WHAT THE EXERCISE ASKS: Begin with the line below holding "Pack WGS exclusif" and go on through the line holding "形はいちごをデフォルメしたぷ", duplicating each line exactly and leaving out pictures.

DATA FOR ANALYSIS:
==========
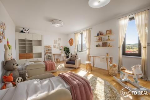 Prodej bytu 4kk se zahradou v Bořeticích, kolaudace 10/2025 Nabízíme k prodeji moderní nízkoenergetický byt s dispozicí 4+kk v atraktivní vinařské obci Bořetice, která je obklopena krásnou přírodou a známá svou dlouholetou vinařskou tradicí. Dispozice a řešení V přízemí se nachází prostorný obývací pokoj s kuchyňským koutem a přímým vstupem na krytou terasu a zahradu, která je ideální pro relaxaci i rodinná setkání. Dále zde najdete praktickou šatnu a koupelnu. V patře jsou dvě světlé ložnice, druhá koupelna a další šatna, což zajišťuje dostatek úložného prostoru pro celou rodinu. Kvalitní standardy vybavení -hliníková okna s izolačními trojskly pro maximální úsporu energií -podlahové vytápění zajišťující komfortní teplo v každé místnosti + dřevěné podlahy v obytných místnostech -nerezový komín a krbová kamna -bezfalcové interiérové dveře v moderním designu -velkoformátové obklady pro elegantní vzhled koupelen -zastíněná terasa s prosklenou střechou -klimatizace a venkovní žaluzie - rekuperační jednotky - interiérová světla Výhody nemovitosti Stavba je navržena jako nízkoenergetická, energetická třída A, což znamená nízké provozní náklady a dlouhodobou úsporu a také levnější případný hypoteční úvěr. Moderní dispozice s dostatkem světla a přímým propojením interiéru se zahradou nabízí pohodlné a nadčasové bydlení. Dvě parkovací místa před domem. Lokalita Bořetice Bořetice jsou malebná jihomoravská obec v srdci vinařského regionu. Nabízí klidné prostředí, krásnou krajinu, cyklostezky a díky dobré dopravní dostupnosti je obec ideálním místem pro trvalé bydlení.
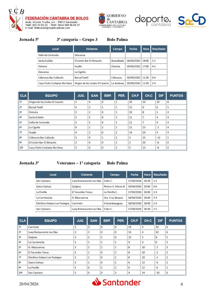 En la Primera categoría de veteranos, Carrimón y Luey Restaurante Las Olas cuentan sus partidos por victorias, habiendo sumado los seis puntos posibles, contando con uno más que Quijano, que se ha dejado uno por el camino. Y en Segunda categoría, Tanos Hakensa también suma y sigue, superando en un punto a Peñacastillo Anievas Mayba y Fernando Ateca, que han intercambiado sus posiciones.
==========
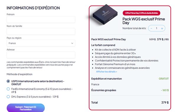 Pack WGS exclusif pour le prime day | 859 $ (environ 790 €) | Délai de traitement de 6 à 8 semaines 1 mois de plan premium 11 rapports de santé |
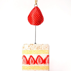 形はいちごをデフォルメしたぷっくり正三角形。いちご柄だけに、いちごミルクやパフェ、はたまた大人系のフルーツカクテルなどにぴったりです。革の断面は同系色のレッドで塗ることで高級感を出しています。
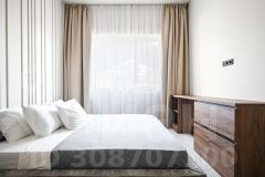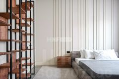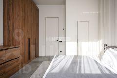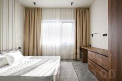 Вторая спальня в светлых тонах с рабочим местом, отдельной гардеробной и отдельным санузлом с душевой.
==========
RESULT OF THE TASK:
 Pack WGS exclusif pour le prime day | 859 $ (environ 790 €) | Délai de traitement de 6 à 8 semaines 1 mois de plan premium 11 rapports de santé |
 形はいちごをデフォルメしたぷっくり正三角形。いちご柄だけに、いちごミルクやパフェ、はたまた大人系のフルーツカクテルなどにぴったりです。革の断面は同系色のレッドで塗ることで高級感を出しています。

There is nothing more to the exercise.